Systematic Exploration of the High Likelihood Set of Phylogenetic Tree Topologies

Chris Whidden,Brian C. Claywell,Thayer Fisher,Andrew F. Magee,Mathieu Fourment,Frederick A. Matsen IV
DOI: https://doi.org/10.48550/arXiv.1811.11007
2018-11-27
Abstract:Bayesian Markov chain Monte Carlo explores tree space slowly, in part because it frequently returns to the same tree topology. An alternative strategy would be to explore tree space systematically, and never return to the same topology. In this paper, we present an efficient parallelized method to map out the high likelihood set of phylogenetic tree topologies via systematic search, which we show to be a good approximation of the high posterior set of tree topologies. Here `likelihood' of a topology refers to the tree likelihood for the corresponding tree with optimized branch lengths. We call this method `phylogenetic topographer' (PT). The PT strategy is very simple: starting in a number of local topology maxima (obtained by hill-climbing from random starting points), explore out using local topology rearrangements, only continuing through topologies that are better than than some likelihood threshold below the best observed topology. We show that the normalized topology likelihoods are a useful proxy for the Bayesian posterior probability of those topologies. By using a non-blocking hash table keyed on unique representations of tree topologies, we avoid visiting topologies more than once across all concurrent threads exploring tree space. We demonstrate that PT can be used directly to approximate a Bayesian consensus tree topology. When combined with an accurate means of evaluating per-topology marginal likelihoods, PT gives an alternative procedure for obtaining Bayesian posterior distributions on phylogenetic tree topologies.
Populations and Evolution,Data Structures and Algorithms
What problem does this paper attempt to address?

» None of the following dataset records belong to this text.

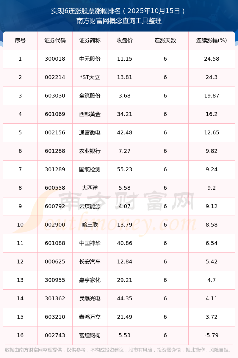 2025年10月15日實現(xiàn)6連漲股票漲幅排名
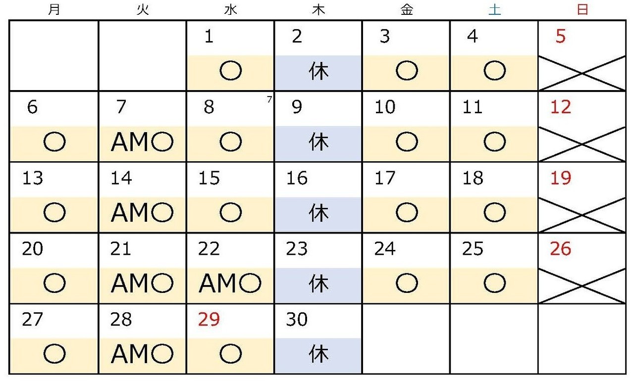 ※日曜・木曜、第1・2・3火曜午後、第4水曜午後は除く
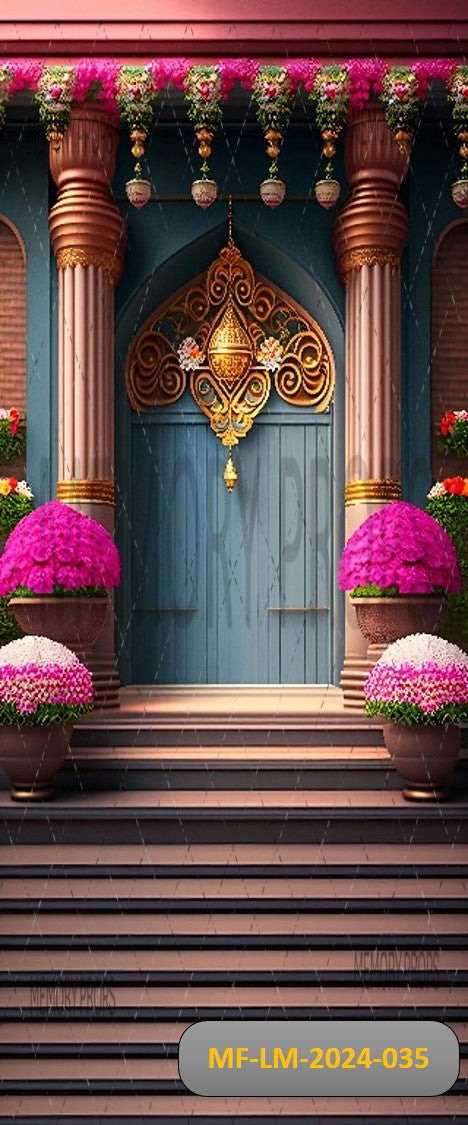 DOOR WITH FLOWERS IN FRONT OF IT - PRINTED BACKDROPS

The problem that this paper attempts to solve is the efficiency of exploring the phylogenetic tree space within the Bayesian framework. Specifically, the traditional Bayesian Markov Chain Monte Carlo (MCMC) method progresses slowly when exploring the phylogenetic tree space, partly because it often returns to the same tree topologies. This makes the effective exploration of the tree space a challenge, especially when the data set is large in information and the posterior probabilities are concentrated on a few tree topologies, while most random modifications will lead to the exploration of tree topologies with low posterior probabilities. To solve this problem, the paper proposes an efficient parallelized method - the Phylogenetic Topographer (PT), which maps out the set of phylogenetic tree topologies with high likelihood through systematic search and ensures that the same topology will not be visited repeatedly. The core of the PT method is to start from multiple local maximum points and use local tree rearrangement operations (such as the Nearest - Neighbor Interchange (NNI) operation) to only continue exploring those topologies whose likelihood values are higher than the best - observed topology by a certain threshold. This method can not only quickly identify the high - likelihood set containing the credible set, but also avoid the problem of repeated visits when multiple threads explore the tree space through non - blocking hash tables. Through this method, PT can effectively approximate the Bayesian consensus tree topology, and when combined with accurate per - topology marginal likelihood estimation means, PT provides an alternative procedure for obtaining the Bayesian posterior distribution of phylogenetic tree topologies. The paper proves the effectiveness of the PT method through experiments, especially its performance on standard test data sets is highly consistent with that of the MrBayes method.